Vol. 299 May 15, 2025 You ARE What You Eat!

May 15, 2025

 

“Let food be thy medicine and medicine be thy food.” – Hippocrates

 

 

Everyone knows about RDA values ((Recommended Daily Allowance) set by the USDA (U.S. Department of Agriculture) for food chemicals (aka protein, minerals, vitamins, and other micronutrients) for various foods. The RDAs are for 150 essential nutrients necessary for human growth and energy listed and described in detail since 1943. The RDAs are even adjusted for different climates and ages (newborn and elderly).

“Current evidence from food science and genome research indicates that there are more than 139,000 chemicals in food that can effect large numbers of human proteins. Approximately 2000 of these food chemical molecules are already used as drugs. The remaining 137,000 chemical molecules in our food are in  the “nutrition dark matter”(NDM), a term coined in 2019. (NEJM 392:18 May 5, 2025).

Raw garlic, for instance, used medicinally as far back as ancient Egypt, contains 6802 small molecules (chemicals), but the USDA tracks only 69 of them. Some untracked molecules in garlic (including the ones responsible for its unique odor) have been shown to protect against cancer and inflammation. We already know that certain food chemicals mimic anti-platelet drugs. Salicylic acid (aspirin) is found in various fruits and vegetable, and a compound similar to lovastatin (lowers blood lipid levels) is found in red yeast rice. The quinine in the tonic you mix with your gin or vodka is, of course, a treatment for malaria, and believe it or not, for night-time muscle cramps.

The food chemicals in the “nutrition dark matter” (NDM) represents “a huge reservoir of untapped understanding of our complex chemical diet and its potential health implications, as well as being a potential source of new drugs”. Over twenty per cent of existing drugs are already on the NDM list. The American Heart Association, among others, is striving to develop a standardized table of food chemicals to spur research into their various therapeutic benefits, a field newly coined as  “foodomics”. “Mapping NDM could accelerate drug discovery which would complement the achievements of the Human Genome Project”.

Thousands of NDM molecules are already known to interact with half of human proteins.  A single NDM molecule ”targets” or interacts with an average of 24 proteins, peptides, and enzymes which is 3 times the equivalent interactions of drugs. Foodomics is a very complicated research arena. Foodomics researchers will first need to identify a specific food chemical molecule out of the thousands to study, then determine its structure, then compare it to existing effective therapeutic drugs, then learn how it interacts with genes and proteins (both extra- and intra-cellular), then estimate the chemical’s benefits and side-effects, then determine which molecules are in which food ingredients, at which level, if they are absorbed, and if they are metabolized by our gut microbiome. Then the food will be tested at various amounts, ingested at various times, co-ingested with which other foods, and for various durations on diverse populations before a healthy or therapeutic diet can be recommended!  Yikes, talk about a huge amount of expensive basic research!

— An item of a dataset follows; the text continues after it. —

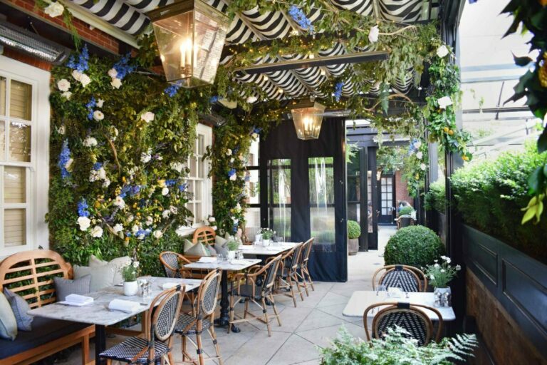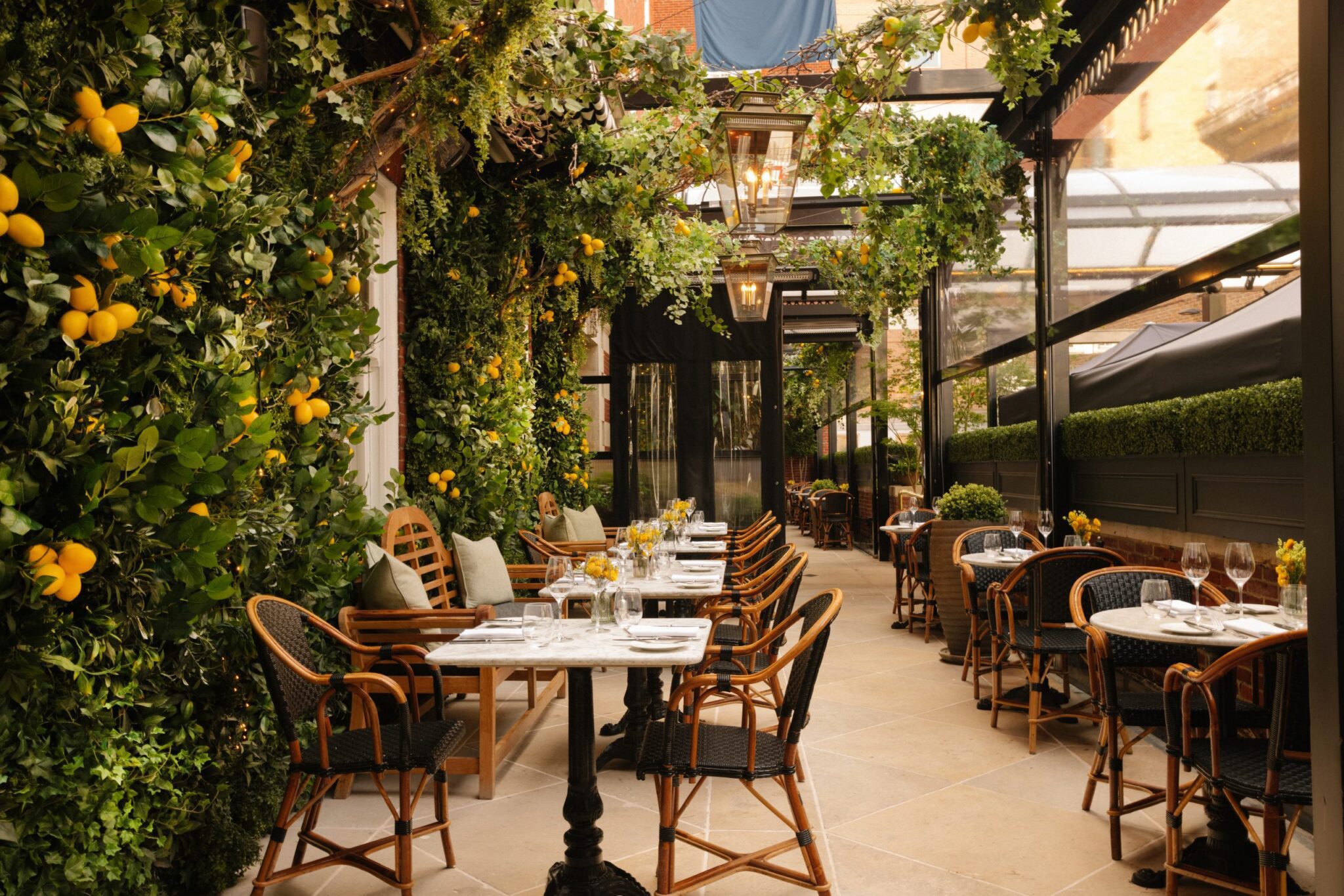 Nestled in the heart of the vibrant 18th-century Bloomsbury, London’s literary hub, this splendid indoor-outdoor space is conveniently located a brief two-minute stroll from Tottenham Court Road station amidst the lively streets of Oxford Street and Soho. In the winter, it provides a fully heated retreat, reminiscent of a secluded secret garden, while in the spring and summer months, it transforms into a luminous, graceful alfresco setting. Featuring a retractable roof and a lower terrace shielded by buxus hedging for privacy, Dalloway Terrace and Bar is a hidden gem of London.

I wonder if it will get funded?

Guess what is going to help with all that effort . . .  AI, of course. “Genetic effects account for only 10% of disease occurrence. The bulk of the remaining disease occurrence can be linked to environmental and dietary factors.” (CDC, Aug. 19,2022) “AI-driven prediction of the targets of NDM molecules and network medicine [the genome] could help researchers scale up delineation of mechanisms of action. Unlocking this knowledge could revolutionize the way we think about the role of food in health.” 

In the meantime you can expect continued, relentless media promotions of special foods, supplements, peptides, and diets with all sorts of therapeutic value. Just remember, even when well-intentioned, such recommendations (ads) are not evidenced-based, but are hopes and wishes at best, often based on single or a few dramatic anecdotes.

“The best [and the proof] is yet to come.”

BREAKING NEWS: What not to eat – Consumer Reports has just identified 10 foods that are dangerous to eat (May 2025):

Cassava flour:  contains 1723% of your allowable daily lead level. Cassava root apparently absorbs lead from the ground in which it                    is grown. The only brand name I recognized was Sea Salt Cassava Toastones Chips from Whole Foods.

The rest of the foods listed are dangerous depending on how they are prepared (washed and cooked):

  • Deli meats (Listeria, salmonella),
  • cucumbers (salmonella),
  • raw milk (E. Coli),
  • soft cheeses (Listeria),
  • eggs (salmonella),
  • onions (E. coli),
  • leafy greens (E.coli),
  • organic carrots (E.coli),
  • organic basil (salmonella),
  • cooked poultry (Listeria)
  • plus 5 bonus warnings – raw sprouts, raw shellfish, ground meat, uncooked flour, unpasteurized juice and cider.

Looks like the only food that is truly safe are my two favorites, Oreos and ice cream.